* RECORDED INFORMATION *

########

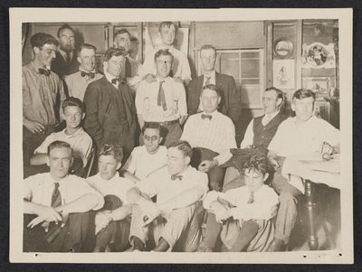 Group portrait of Seventeen men indoors. Stamped on verso: Harry Sanders the Real Estate Man Greenville, Maine.
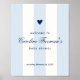 Modern Blue Stripe Heart Valentine Table Welcome Poster
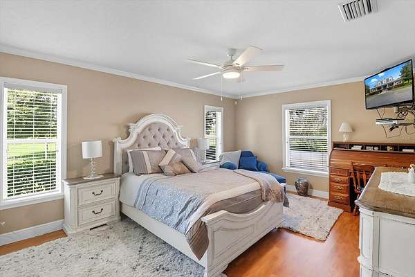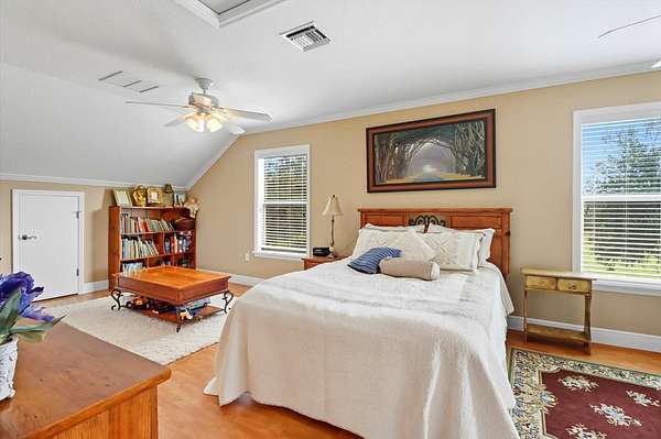 The acreage is open, but dotted with oak trees, and was previously used horses and cattle. The pastures have been kept in pristine condition with regular fertilizer and pesticide treatments. There are presently four pastures, which could be further divided and a pond that is stocked with catfish and has a comfortable fishing pier. There are two equipment and tool sheds, along with a large 6 bay pole barn, which could be converted to a horse barn; however, the layout of this farm allows plenty of room to add your dream horse barn and arena. The possibilities for this property are endless with ample acreage for cattle, horse training or breeding and a large, comfortable updated move in ready home in such a coveted area of NW Ocala.
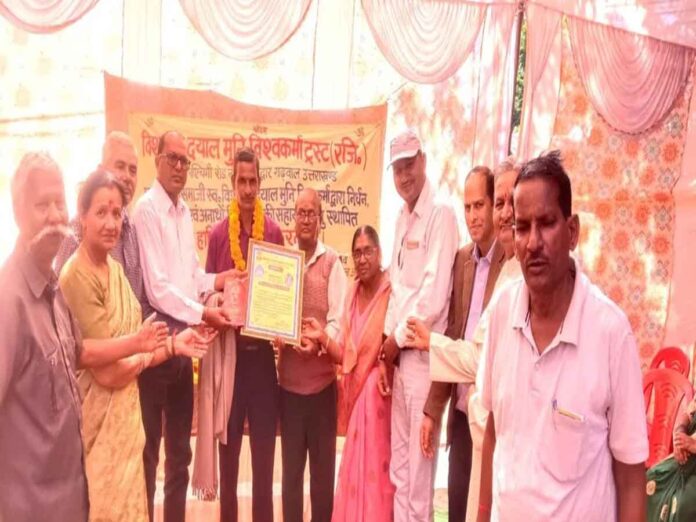 कोटद्वार। नगर निगम के अंतर्गत पश्चिमी झंडीचौड़ में रविवार को विश्वम्भर दयाल मुनि विश्वकर्मा ट्रस्ट की ओर से आयोजित कार्यक्रम में ट्रस्ट के संस्थापक अध्यक्ष स्व. विश्वम्भर दयाल मुनि विश्वकर्मा के स्मृति दिवस व ट्रस्ट के पूर्व अध्यक्ष स्व. कान्ति प्रकाश आर्य की 8 वीं पुण्यतिथि पर उन्हें श्रद्धांजलि अर्पित की गई । पार्षद सुखपाल शाह ने कहा कि मुनि विश्वकर्मा ने जीवन के अंतिम पड़ाव में निर्धन छात्रों को छात्रवृत्ति व अनाथ, दिव्यांग व बेसहारों को आर्थिक सहायता प्रदान करने के उद्देश्य से ट्रस्ट की स्थापना की। कार्यक्रम की मुख्य अतिथि पूर्व दर्जाधारी मंत्री सुनीता बिष्ट ने कहा कि मुनि विश्वकर्मा महर्षि दयानंद सरस्वती के अनुयायी थे, महर्षि के विचारों की रोशनी में ही मुनि ने ट्रस्ट की स्थापना की। इस अवसर पर समाजसेवा के क्षेत्र में उत्कृष्ट योगदान देने पर विकास खंड द्वारीखाल की ग्राम सभा बमोली के पूर्व प्रधान कोमल चन्द्र को विश्वम्भर दयाल मुनि विश्वकर्मा स्मृति सम्मान – 2025 से सम्मानित किया गया, साथ ही ट्रस्ट के पूर्व अध्यक्ष स्व. कान्ति प्रकाश की स्मृति में 10 जरूरतमन्दों को कम्बल भी वितरित किए गए । कार्यक्रम में पूरण चंद्र शर्मा, ट्रस्ट के संस्थापक सचिव डॉ. सुरेन्द्र लाल आर्य, लक्ष्मी देवी, बुद्धि प्रकाश, राजेंद्र प्रसाद शाह, नेत्र सिंह रावत, कमलकुमार और सुरजीत सिंह सहित ट्रस्ट के अन्य सदस्य शामिल रहे।
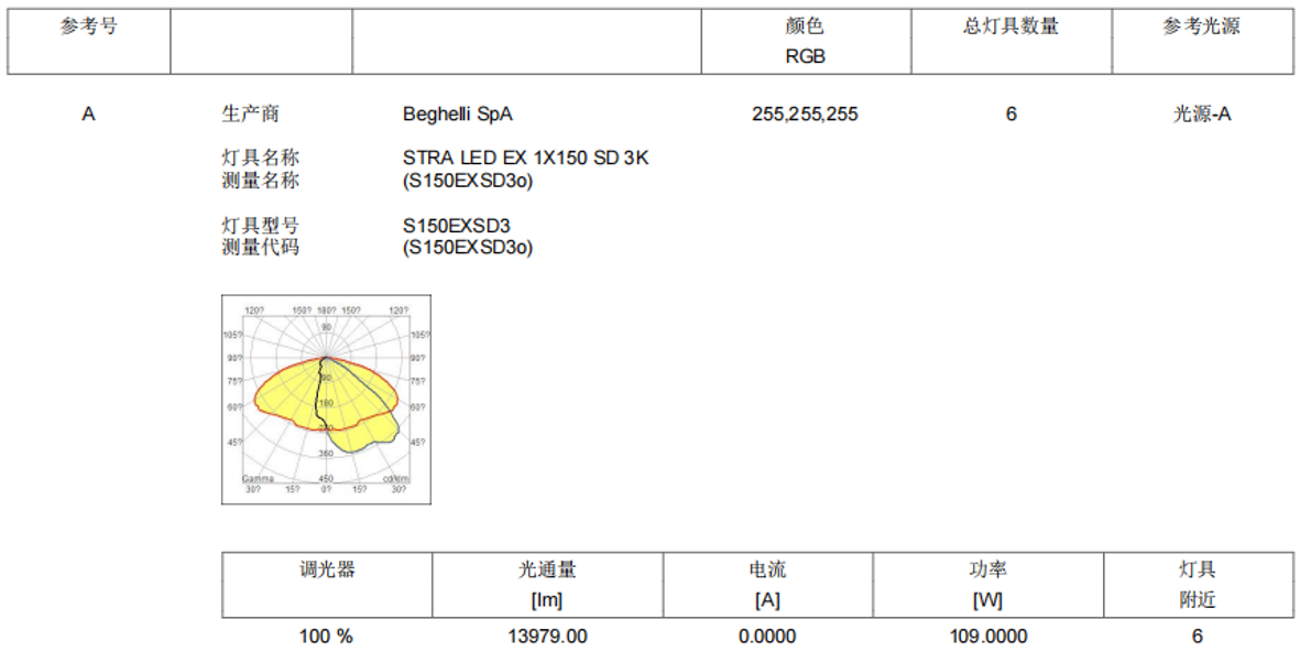 以上為本次案例所用燈具安裝數(shù)據(jù)
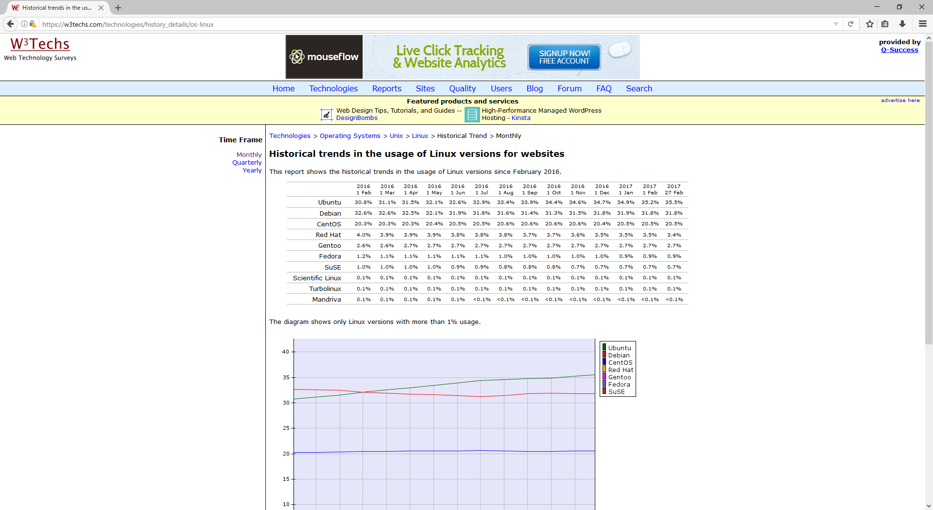 CentOSは常に安定だ。ちなみに4位はRHELで、こちらも安定している。

########

* WORK REQUEST *
Without the pictures, transcribe the lines from the one containing "以上為本次案例所用燈具安裝數(shù)據(jù)" through the end of the data, exactly and only those.

* RESPONSE TO THE TASK *
 以上為本次案例所用燈具安裝數(shù)據(jù)
 CentOSは常に安定だ。ちなみに4位はRHELで、こちらも安定している。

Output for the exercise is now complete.